Я родился в Париже, в Латинском квартале. А Латинский квартал, как вам наверняка известно, это сердце Парижа. Безудержно перекачивающее всю мерзость, и все краски мира, и зло, и добро, и высокие чувства, и пороки. Впрочем, бог мой, зачем я все это рассказываю — кому, как не тебе, шалунишка, знать это лучше меня. О, а ты стильный мальчик. Эти трусы, которые ты носишь с пиджаком, но без брюк… м-м, признайся, негодник, ты как-то связан с модельным бизнесом. А мой отец… Ты не поверишь, проказник, но мой отец ходил по дому в сеточке на голове, чтобы у него, не дай бог, не растрепались волосы. Нарадоваться не мог на свои волосы, такие они были светлые. А сеточка была черного цвета и сзади завязывалась на две тесемочки, похожие на крысиные хвостики. Прикинь, что за гадость!

Папа мой был очень крупный, очень белый, очень рыхлый и очень гордился, что рожден французом, ну не хам, а? Мама же была чудо как хороша. Глаза на пол-лица, красивая, обаятельная, миниатюрная и стройная, как куколка. Грудки у нее были такие маленькие, что я мог накрыть их одной ладошкой. А ведь, как вы, наверно, успели заметить, кисти рук у меня небольшие. Пальцы, правда, длинные и породистые. Мой отец носил бриджи. Самое отвратительное, что только есть на свете. Не брюки, а позорище, нарушающее все пропорции. Но отец считал, что у него красивые голени. После школы он заставлял меня работать в аптеке, а мама… мама меня любила. Моя дорогая мамочка вышла замуж за эту белую гору жира, чтобы помочь своей семье в Алжире. У нее там осталась куча братьев и сестер, живущих в страшной нищете. Отец считал, что облагодетельствовал маму, женившись на ней, и что она должна быть счастлива, когда он по ночам изредка наваливается на нее своей мерзкой тестообразной тушей. Мама, стиснув зубы и закрыв глаза, думала об Алжире, ибо все свои жалкие сбережения посылала родным. Вы не поверите, но эта скотина, мой отец, изменял ей. И с кем? С такой же белой, как он, и тестообразной хозяйкой пекарни напротив. Мама была такая крохотуля, что в двенадцать лет я ее уже перерос. У меня были золотистые волосы, черные как угли глаза и проблемы с эрекцией. Девчонки кидались на меня, точно стервятники на добычу, а у меня не стояло. Я плакал, порывался утопиться или повеситься. В конце концов, рыдая, во всем признался маме. И однажды, когда отец отправился к своей дебелой толстухе, мама взяла меня к себе в постель и начала терпеливо ласкать. Все получилось. Мы с мамой плакали от счастья. Украв у отца тысячу франков и соврав маме, что заработал их, убирая торговый зал супермаркета, я купил два пирожных и бутылку шампанского. Мы пошли к Сене и вдвоем выпили целую бутылку, а потом съели по эклеру, но я свой тут же выблевал. Это одно из самых прекрасных моих воспоминаний детства. Отец обнаружил пропажу денег и устроил дознание. А поскольку мама взяла все на себя, начал ее бить. Я кинулся на него с кулаками, тогда он выпорол нас обоих. Ремнем. Я сказал маме, что убегу из дома, и на коленях умолял ее бежать вместе со мной. Но она ответила, что ей некуда деваться. Ну, и что еще на ней эта ее семья.

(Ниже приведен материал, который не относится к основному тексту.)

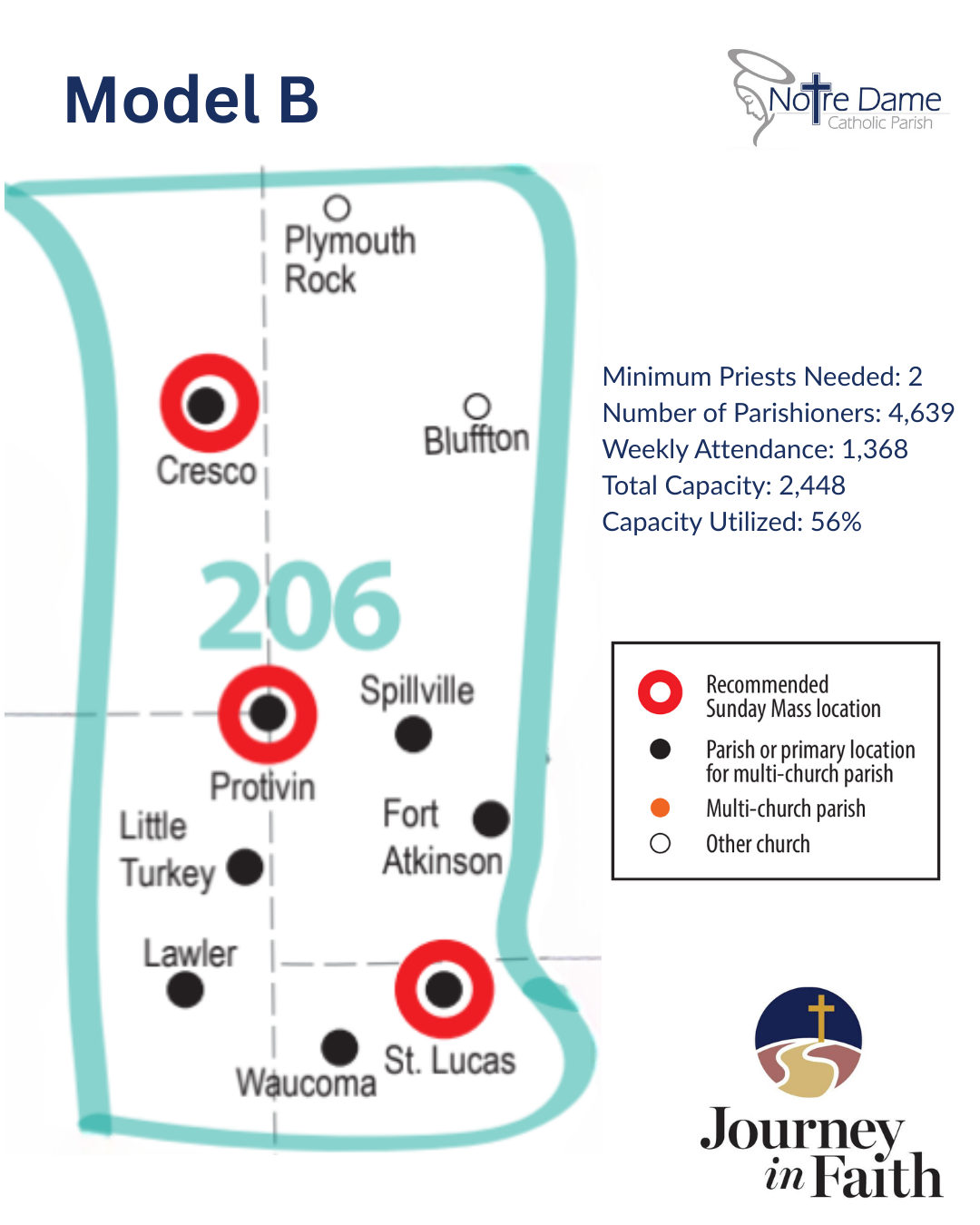 The Archdiocese of Dubuque has released the first set of potential map options, each map proposes how we could restructure parish clusters into larger pastorates. These changes would affect our parish, including where and how Masses are celebrated.

А я убежал. Меня приняли в банду, которой верховодил пятнадцатилетний креол по кличке Тигр. Роста он был небольшого, но у него была широкая гладкая грудь и изумительно смуглая кожа, горящие желтые, как у рыси, глаза, голубая татуировка, и к тому же он мастерски владел длинным ножом с костяной рукоятью, на которой было выцарапано «LOVE». Благодаря ему я узнал, что такое любовь. Мы жили вшестером с двумя девчонками в полуразрушенном доме. До сих пор так и не знаю наверняка, любил ли меня Тигр. Да, он со мной спал, но он спал со всеми парнями и девчонками из нашей банды. Иногда мне кажется, что Тигр попросту меня использовал. Принял в банду, потому что я был красавчик, с жемчужными зубками и невинной улыбкой, которая, если вы успели заметить, осталась у меня по сей день. Именно моя невинная улыбка распаляла похоть состоятельных престарелых дам и богатых стариков, пытавшихся обмануть и то и другое: и старость и смерть. Была, к примеру, одна такая Мишель, она по мне просто с ума сходила. Драгоценностей на ней было — как на витрине бутика Тиффани. Утверждала, что ей пятьдесят, хотя как минимум разменяла восьмой десяток. Пока она впихивала в меня шоколад и вливала шампанское, я подсыпал ей в бокал снотворный порошок. Ее лежавшие на животе груди меня не очень-то вдохновляли, но я закрыл глаза, мысленно помолился, и все получилось. Как только она захрапела, Тигр, поджидавший за дверью, обчистил ее квартиру. Разумеется, я получил свою долю и, конечно же, бросился с этими деньгами к маме. Я дожидался ее на улице, а увидев, залился слезами. Эта скотина, мой отец, колотивший ее смертным боем, повредил ей что-то внутри. Она шла по тротуару, едва передвигая ноги и харкая кровью. Я одолжил у Тигра нож с костяной рукоятью. Как следует его наточил, но не успел исполнить задуманное: в тот же день полиция замела всю нашу банду. Наши фотографии поместили в «Монд». Добросердечная старушка Мишель поклялась на судебном разбирательстве, что я ни о чем не подозревал, и меня отпустили. У выхода из здания суда меня поджидали два ассистента Коко Шанель. Тот, что повыше, Жан-Клод, к слову сказать, сердечный друг молоденького Диора, оказывается, увидел мою фотографию в «Монд» и совершенно обалдел. Сказал, что я похож на попавшего в ад ангелочка. Кстати, с тех пор в модельном бизнесе ко мне прилипла кличка Ангелочек.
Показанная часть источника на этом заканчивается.